3. Work on other determinants of health, like
poverty, housing and education, as well as mental health, to try to prevent
addiction in the first place.
Ivy Kopstein, coordinator of the substance use and addictions program at Jewish Child and Family Service of Winnipeg, answers a question from CityTV at the forum Wide Awake. (photo by Nik Rave)
Another resource now available in Winnipeg are
the RAAM clinics that have been instituted recently by the WRHA to provide
low-barrier access to resources for individuals needing help with substances
abuse issues, including crystal meth.
“The City of Winnipeg and law enforcement are
responding to the crisis on the streets and have included public education
programs in all areas of the city,” said Ivy Kopstein, coordinator of the substance
use and addictions program at JCFS Winnipeg. “Our mayor is advocating to all
levels of government for resources to deal with this health crisis.”
“Emergency Medical Services (EMS) has now been
given the authority to give meth users the antipsychotic drug Olanzapine,”
Simkin offered by way of an example.
When a loved one has a substance abuse issue,
it impacts the whole family, she said. Family members may feel stressed and
anxious and it’s important for them to also seek support.

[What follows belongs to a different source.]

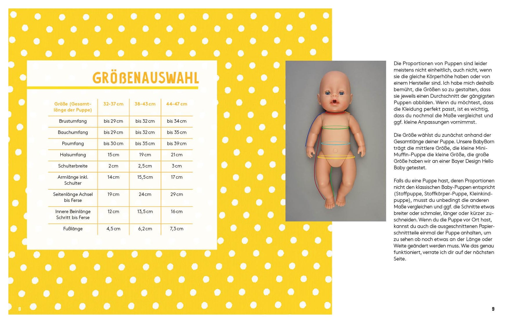 - drei Puppengrößen als Basis, mit einfacher Anpassungsanleitung für andere Puppen(größen)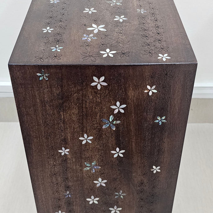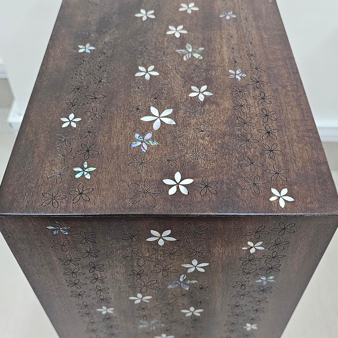 Expertly crafted with pearl inlay and wood, this sofa table features exquisite Jasmine flower designs that make it ideal for use as a side table or sofa table. Bring the wonders of nature into your home with this one-of-a-kind piece.

In British Columbia, the B.C. Centre on Substance Use (bccsu.ca) “is a provincially networked organization with a mandate to develop, help implement and evaluate evidence-based approaches to substance use and addiction.” Other resources include Crystal Meth Anonymous (crystalmeth.org), which is similar to Alcoholics Anonymous and lists a meeting place on Hornby Street in Vancouver, and Jewish Addiction Community Services (778-882-2994 or [email protected]).